* _PROBLEM REQUIREMENTS_
What you write should match, word for word, the lines from the one containing "NEW 18K Gold" through the end of the data, with no pictures.

* _Stored dataset items_
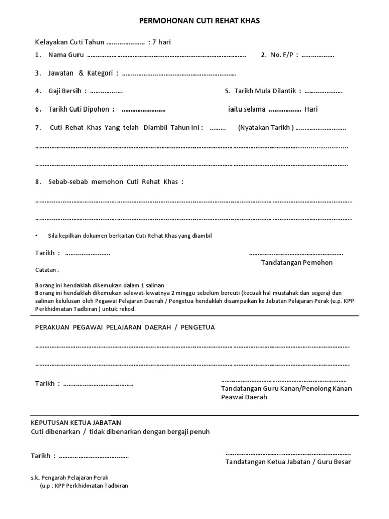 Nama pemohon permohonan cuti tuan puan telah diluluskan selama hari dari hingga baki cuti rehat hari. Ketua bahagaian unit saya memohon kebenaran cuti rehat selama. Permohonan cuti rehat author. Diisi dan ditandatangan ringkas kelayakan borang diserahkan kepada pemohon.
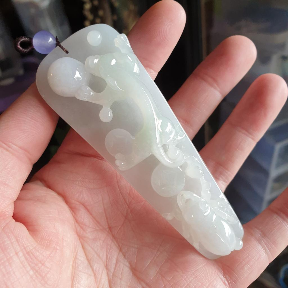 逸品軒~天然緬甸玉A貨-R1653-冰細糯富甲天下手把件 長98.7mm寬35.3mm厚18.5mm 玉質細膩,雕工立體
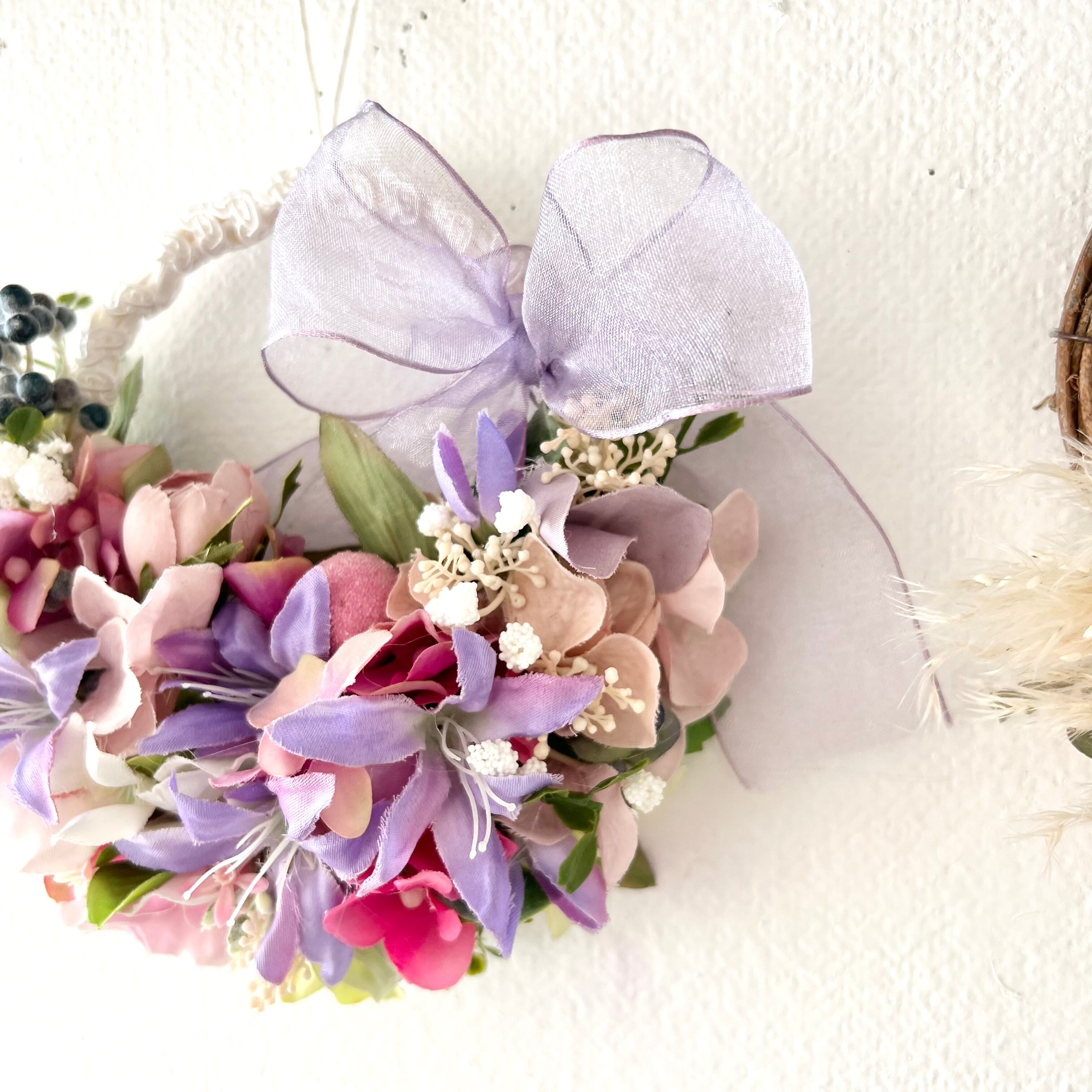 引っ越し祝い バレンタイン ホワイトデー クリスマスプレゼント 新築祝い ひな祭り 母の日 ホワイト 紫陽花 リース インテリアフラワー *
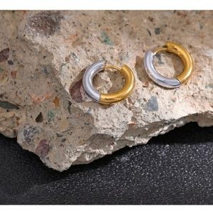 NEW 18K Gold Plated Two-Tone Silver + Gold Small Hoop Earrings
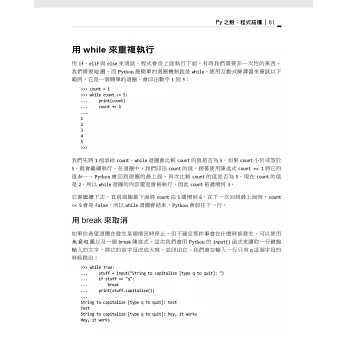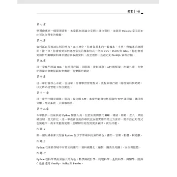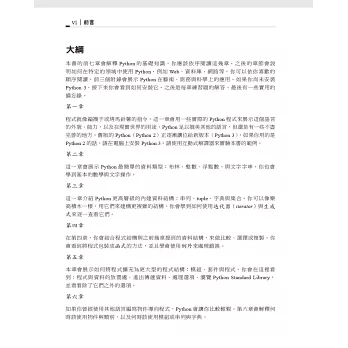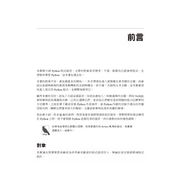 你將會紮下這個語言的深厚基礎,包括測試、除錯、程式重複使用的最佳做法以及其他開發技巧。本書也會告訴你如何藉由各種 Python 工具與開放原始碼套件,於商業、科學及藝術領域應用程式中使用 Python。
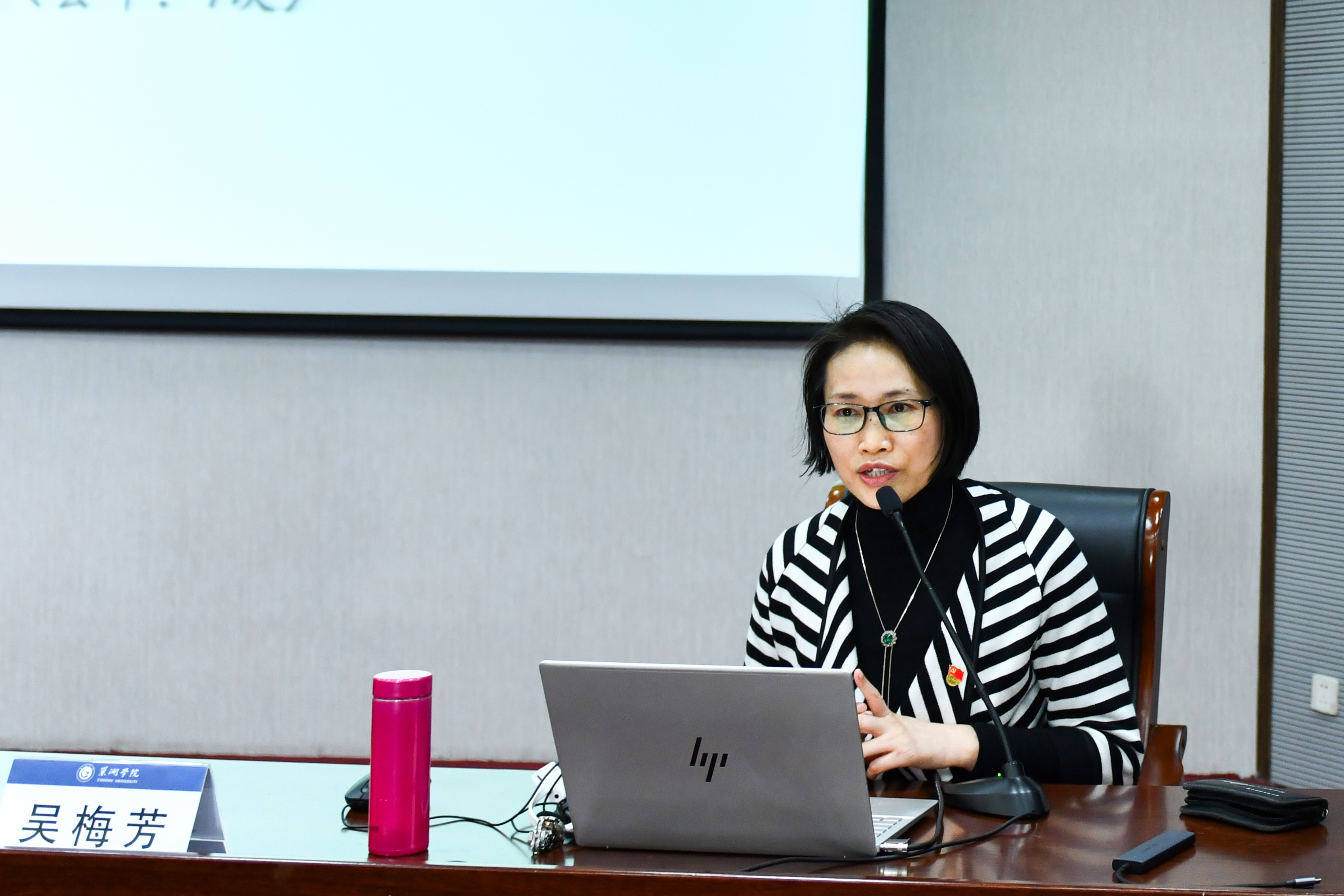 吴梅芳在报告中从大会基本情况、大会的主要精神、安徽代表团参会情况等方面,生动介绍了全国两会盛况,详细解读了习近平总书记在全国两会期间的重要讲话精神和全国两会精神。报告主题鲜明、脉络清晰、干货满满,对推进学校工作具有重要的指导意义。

* _ANSWER TO THE EXERCISE_
 NEW 18K Gold Plated Two-Tone Silver + Gold Small Hoop Earrings
 你將會紮下這個語言的深厚基礎,包括測試、除錯、程式重複使用的最佳做法以及其他開發技巧。本書也會告訴你如何藉由各種 Python 工具與開放原始碼套件,於商業、科學及藝術領域應用程式中使用 Python。
 吴梅芳在报告中从大会基本情况、大会的主要精神、安徽代表团参会情况等方面,生动介绍了全国两会盛况,详细解读了习近平总书记在全国两会期间的重要讲话精神和全国两会精神。报告主题鲜明、脉络清晰、干货满满,对推进学校工作具有重要的指导意义。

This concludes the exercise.